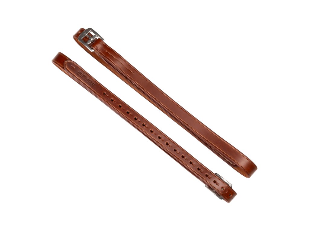 Třmenové řemeny z telecí kůže s vnitřní nylonovou podporou byly vyrobeny tak, aby vyhovovaly potřebám a pohodě jezdců. Kombinují vnější měkkost kůže s tuhostí a odolností nylonu.
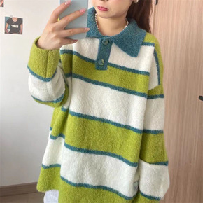 复古休闲撞色条纹Polo领针织套头毛衣女学院风外套...
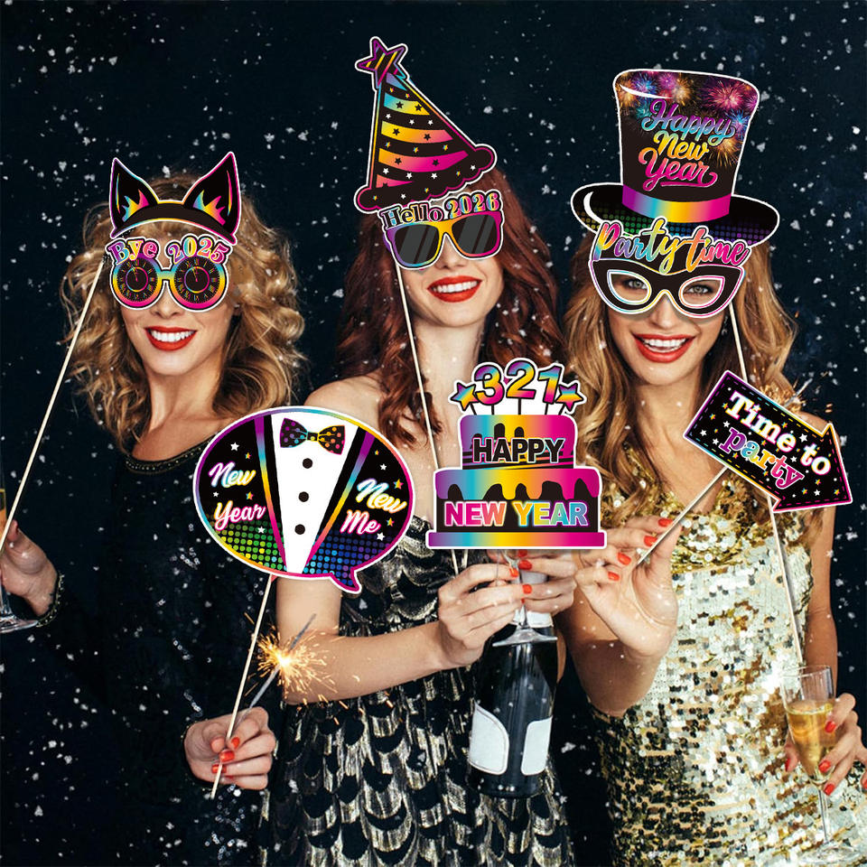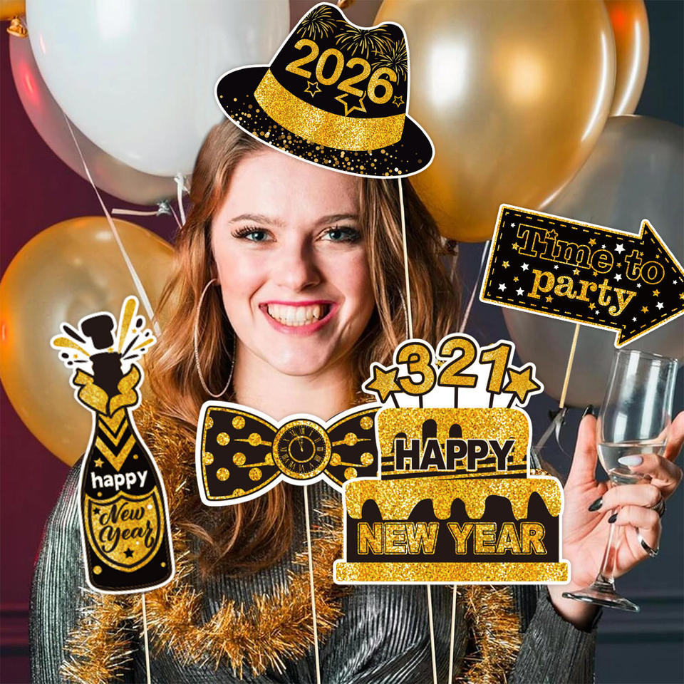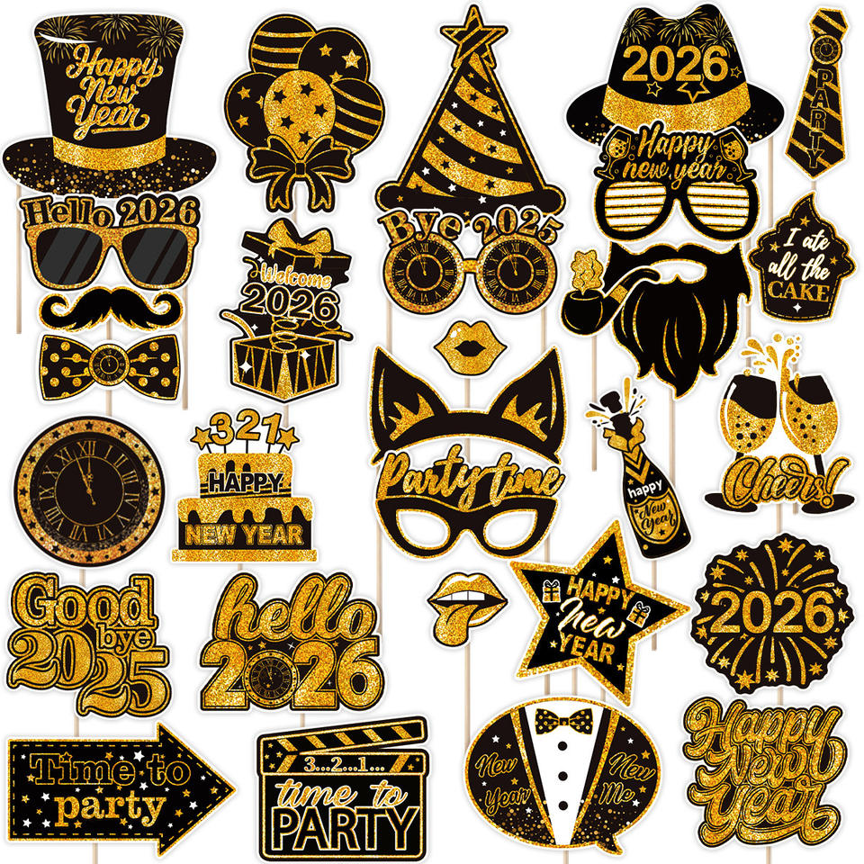 Accessoires photo amusants pour la fête du Nouvel An, masques photo décoratifs à main pour la veille du Nouvel An, photos noires et dorées
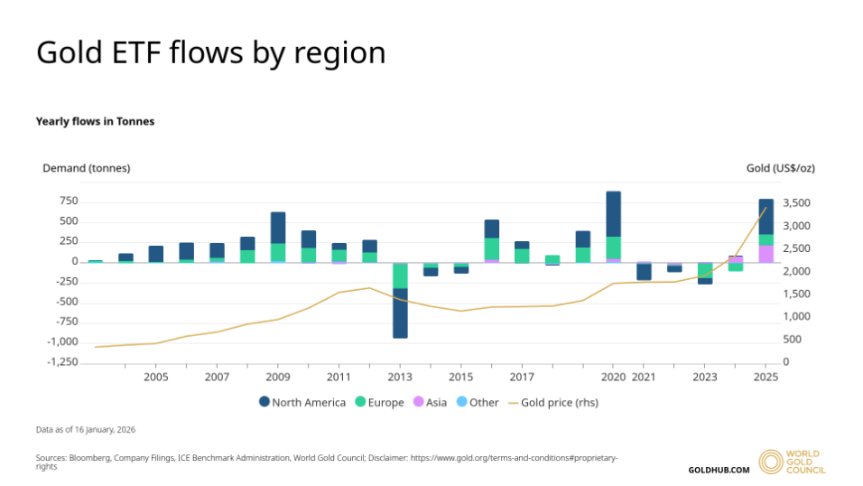 世界黄金协会数据显示,2025 年黄金 ETF 迎来创纪录资金流入,其中北美基金表现领跑,全年资金流入额飙升至 890 亿美元;按吨位计算,流入规模达 801 吨,创下 2020 年以来的最高纪录。
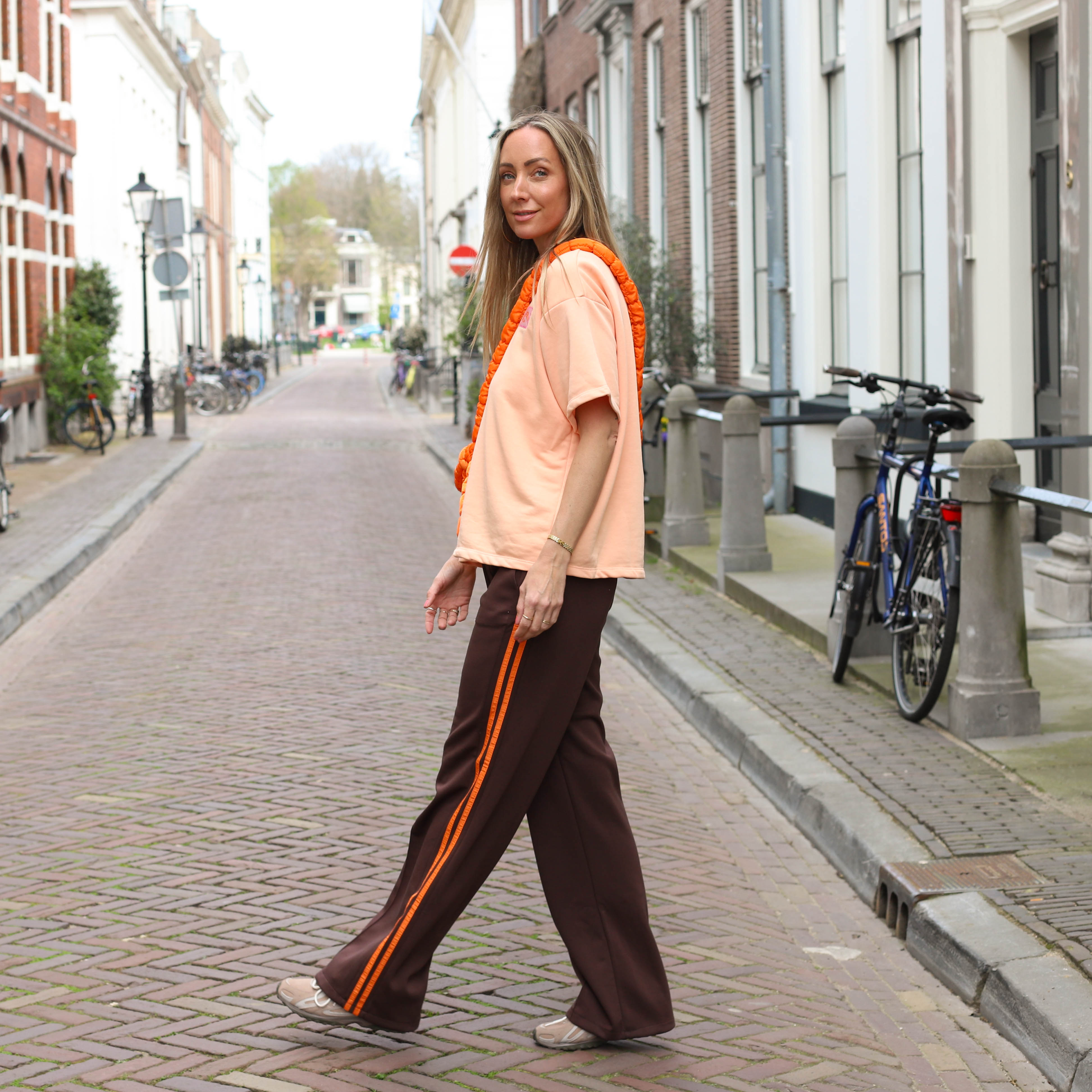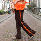 Deze bruine pantalon met oranje zijstreep is de perfecte mix van sportief en chic! De broek heeft een flatterende, licht uitlopende pijp en een opvallende dubbele bies aan de zijkant die je benen eindeloos lang laat lijken. Dankzij de soepele stof en de elastische tailleband zit hij niet alleen super fashionable, maar ook nog eens heerlijk comfortabel.
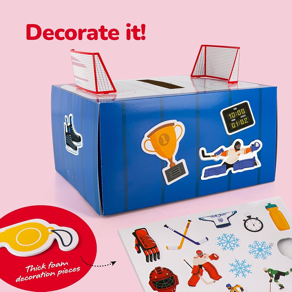 صندوق حرفة هوكي عيد الحب من آرت كرياتيفيتي للأطفال - اصنع مجموعة صندوق بريد عيد الحب الخاص بك للأولاد والبنات - تتضمن 30 بطاقة، صندوق، 18 قطعة إسفنجية مزخرفة - لوازم حرفية لطيفة
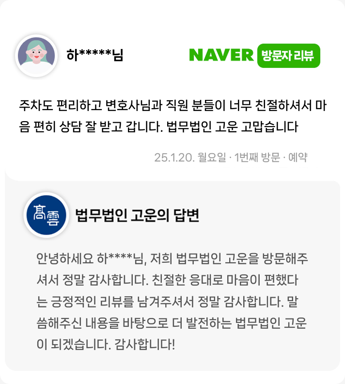 주차도 편리하고 변호사님과 직원 분들이 너무 친절하셔서 마음 편히 상담 잘 받고 갑니다.
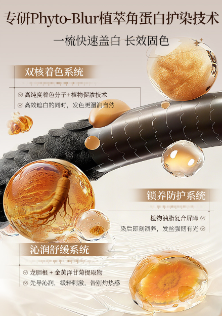 深入研究它的成分表,真的会被品牌的诚意打动!核心的艾叶和侧柏叶提取物来自优质产地,能有效强韧发根;当归与杜仲形成黄金修护组合,专门针对染后脆弱发质;特别添加的姜根提取物能促进头皮循环,让发色更加饱满亮泽。更难得的是采用了纳米级植物小分子技术,确保每一根发丝都能吸收到足量的玻尿酸和修护蛋白,染发的同时完成深层养护。
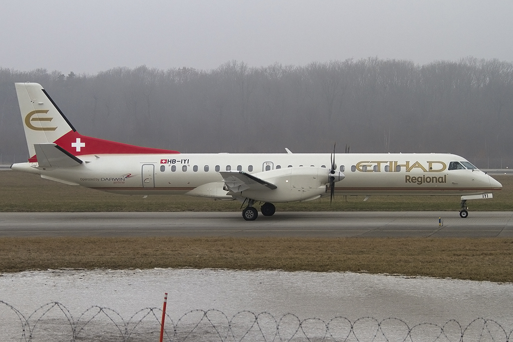 Darwin Airlines - Etihad Regional, HB-IYI, Saab, 2000, 12.02.2015, GVA, Geneve, Switzerland
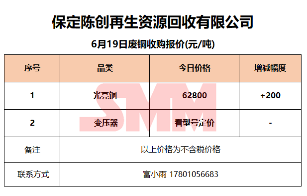 6月19日保定陈创 废金属收购报价
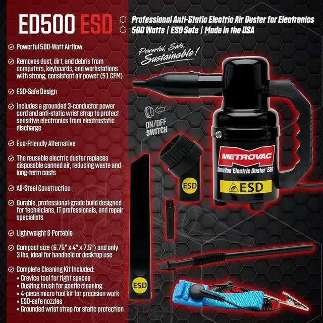 ANTI-STATIC DESIGN: ESD safe system includes grounded 3-conductor cord and wrist strap. Protects sensitive electronics during PC cleaning or repair.
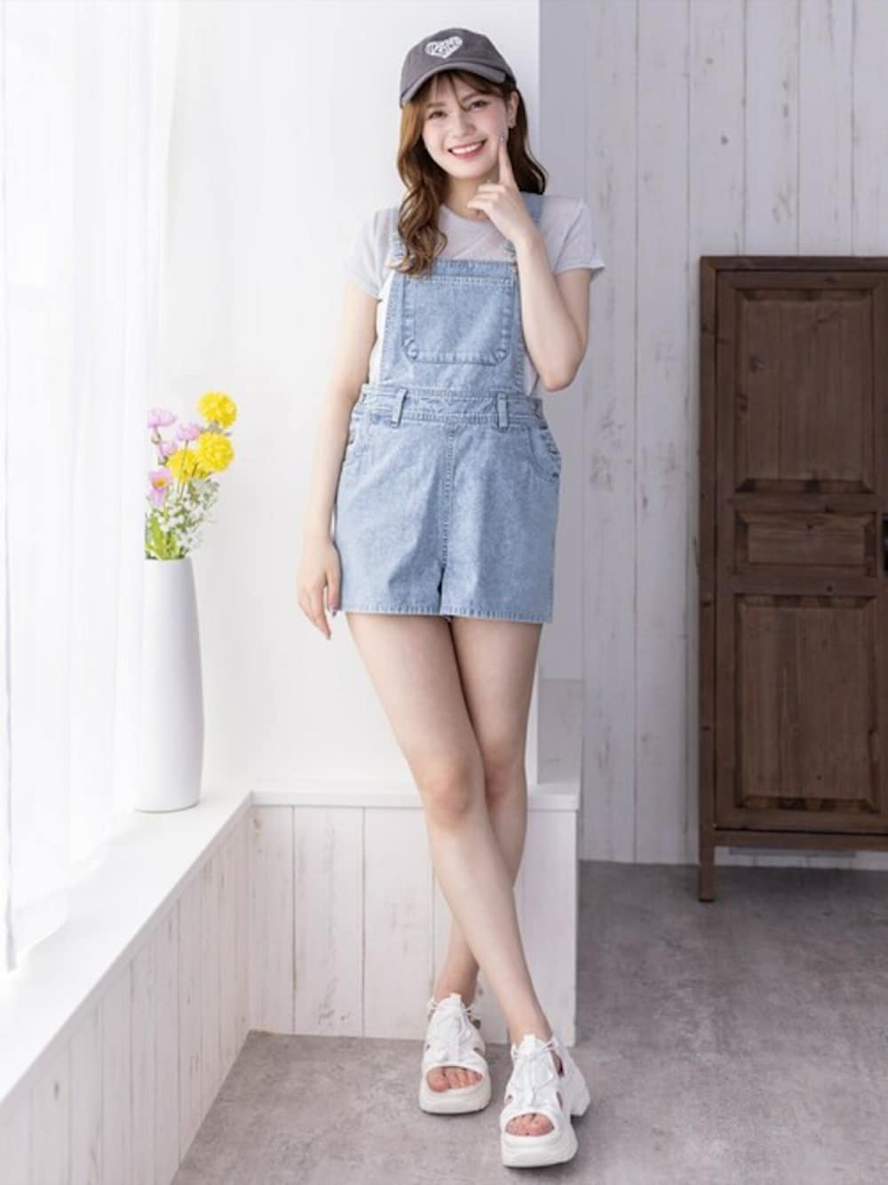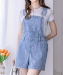 トレンド感のあるデニムミニサロペットです。ハイウエストなデザインなので、美脚効果があります!ウエストはボタンで調節可能になっているので安心できます◎
***
Give every entry above again, exactly, and keep all pictures out of it.

■ **Output**
 Třmenové řemeny z telecí kůže s vnitřní nylonovou podporou byly vyrobeny tak, aby vyhovovaly potřebám a pohodě jezdců. Kombinují vnější měkkost kůže s tuhostí a odolností nylonu.
 复古休闲撞色条纹Polo领针织套头毛衣女学院风外套...
 Accessoires photo amusants pour la fête du Nouvel An, masques photo décoratifs à main pour la veille du Nouvel An, photos noires et dorées
 世界黄金协会数据显示,2025 年黄金 ETF 迎来创纪录资金流入,其中北美基金表现领跑,全年资金流入额飙升至 890 亿美元;按吨位计算,流入规模达 801 吨,创下 2020 年以来的最高纪录。
 Deze bruine pantalon met oranje zijstreep is de perfecte mix van sportief en chic! De broek heeft een flatterende, licht uitlopende pijp en een opvallende dubbele bies aan de zijkant die je benen eindeloos lang laat lijken. Dankzij de soepele stof en de elastische tailleband zit hij niet alleen super fashionable, maar ook nog eens heerlijk comfortabel.
 صندوق حرفة هوكي عيد الحب من آرت كرياتيفيتي للأطفال - اصنع مجموعة صندوق بريد عيد الحب الخاص بك للأولاد والبنات - تتضمن 30 بطاقة، صندوق، 18 قطعة إسفنجية مزخرفة - لوازم حرفية لطيفة
 주차도 편리하고 변호사님과 직원 분들이 너무 친절하셔서 마음 편히 상담 잘 받고 갑니다.
 深入研究它的成分表,真的会被品牌的诚意打动!核心的艾叶和侧柏叶提取物来自优质产地,能有效强韧发根;当归与杜仲形成黄金修护组合,专门针对染后脆弱发质;特别添加的姜根提取物能促进头皮循环,让发色更加饱满亮泽。更难得的是采用了纳米级植物小分子技术,确保每一根发丝都能吸收到足量的玻尿酸和修护蛋白,染发的同时完成深层养护。
 Darwin Airlines - Etihad Regional, HB-IYI, Saab, 2000, 12.02.2015, GVA, Geneve, Switzerland
 6月19日保定陈创 废金属收购报价
 ANTI-STATIC DESIGN: ESD safe system includes grounded 3-conductor cord and wrist strap. Protects sensitive electronics during PC cleaning or repair.
 トレンド感のあるデニムミニサロペットです。ハイウエストなデザインなので、美脚効果があります!ウエストはボタンで調節可能になっているので安心できます◎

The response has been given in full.